(ASI) Civitaquana (Pe) - Sabato 10 e domenica 11 settembre 2022 si è svolta a Civitaquana la IV Edizione de "L'Arrosticciere in Piazza", rievocazione storico - antropologica - sull'antica cottura degli arrosticini, spiedini fatti con carne di pecora tagliata a mano e infilzata su ceppi ricavati dall'arbusto "sanguinello", arrostiti sulla brace tra due file parallele di mattoni.
L'antica cottura degli arrosticini (in dialetto "spitucce", "spitarille", "cippitille", "rustell" o "rustill") è stata immortalata per la prima volta in una foto, pubblicata sul libro "Gli Abruzzi dei Contadini 1923-1930" (Textus Edizioni), scattata davanti la chiesa della Madonna delle Grazie di Civitaquana, il 12 ottobre 1930, giorno di festa in paese, dai linguisti-etnologi svizzeri Gerhard Rholfs e Paul Scheuermeier.
Probabilmente, l'immagine che si intitola "L'Arrosticciere in Piazza" che da il nome all'evento riproposto è la più antica foto della cottura del famoso "cibo da strada" abruzzese: l'arrosticino.
Questo documento fotografico ritrae i nonni dei cugini Fabio e Loredana Ginestrino, intenti a cuocere gli arrosticini in piazza come si faceva una volta durante le locali feste paesane.
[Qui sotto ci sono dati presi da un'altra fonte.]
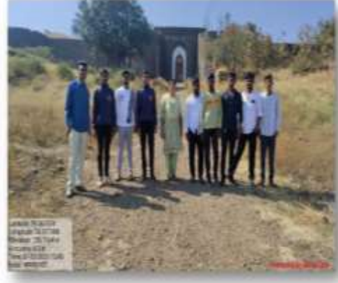
जग भुईकोट केले त्यांचे अन्वयगत. सर्व किल्ला सधू झाल्यानंतर विवेकानंद प्रगट्यातली सर्व विद्या संस्थे घुलली विवेकानंद वेतली व 3.00 काळात किल्ला बंदी घडले. हो क्षेत्र क्षेत्रभेट जग्याभाठी बांधकाम घालत राहीत. अन्वयगत.

याच जाय हो ऐतिहासिक दिवसांचे बाळात लाकडात इतिहास बाही करून घेलाचय तया विटांनी घालत विटांनी होत सधू हो जग्याच पूर्वबाठी बाळक्याच बाळाच्य अंतरात रथ तम्याचय घालीत आहेत. त्यांचे मजगटू बने जाय बाळाची रच आहे. यालाटूत जघीन व सध्यातूने बाळातील अनेक बाळा बने आहेत. जगात यहाचे बांधकाम का बनेले घालाठी बने जग या क्षेत्र वेटीत मिळते. हो एड कोनेजचे जग्याचे वेत या घाली बाधील होत केत बाटा घाल्याभाठी घालायची विटा व किल्लाची बाहीत असल्याच वेतू वेतू असल्या साह्यकार केले त्यांचे जग्या. त्याचमुळे इतिहास विभाग मुळूक हा. ताल घरें व ज. प्रकाश रथीत यांनी जग्या विद्यार्थीचे इतिहासाचे

I Ginestrino sono una storica famiglia di macellai della zona, oggi gestori di un ristorante tipico a Civitaquana "Le Ginestre" che hanno deciso di commemorare lo storico evento della primitiva cottura degli arrosticini in piazza fatta dai loro nonni con un revival storico rallegrato da musiche e danze tradizionali. L'evento quest'anno assume una particolare importanza sia perché è la prima edizione dopo la pandemia da "Covid 19", sia perché nel 2022 ricorre il ventesimo anniversario dall'apertura del citato ristorante "Le Ginestre".
Secondo l'antropologa Adriana Gandolfi, questi particolari spiedini hanno origine dalle popolazioni balcaniche, i cosiddetti "schiavoni" che attraversavano l'Adriatico per sfuggire dalla pressione ottomana dopo la caduta di Costantinopoli. Quindi sarebbero stati ripresi e perfezionati dalle popolazioni agro - pastorali del versante orientale del Gran Sasso che abitavano lungo il "Tratturo Magno" dove transitavano le greggi con la transumanza per diventare la prelibatezza che oggi amiamo tutti. Nell'area vestina fra Civitella Casanova, Villa Celiera e paesi limitrofi come Civitaquana, si sarebbero diffusi gli arrosticini poichè i pastori che dovevano raggiungere i pascoli pugliesi sostavano per le fiere paesane, e vendevano ai macellai locali le pecore non più produttive o azzoppate.
Questa carne, quindi su ispirazione dell'usanza "schiavona" veniva infilzata in bastoncini di legno e arrostita sui carboni anche perché molto più facile da trasportare per fiere e mercati dagli "arrosticieri" ambulanti rispetto ad altre pietanze.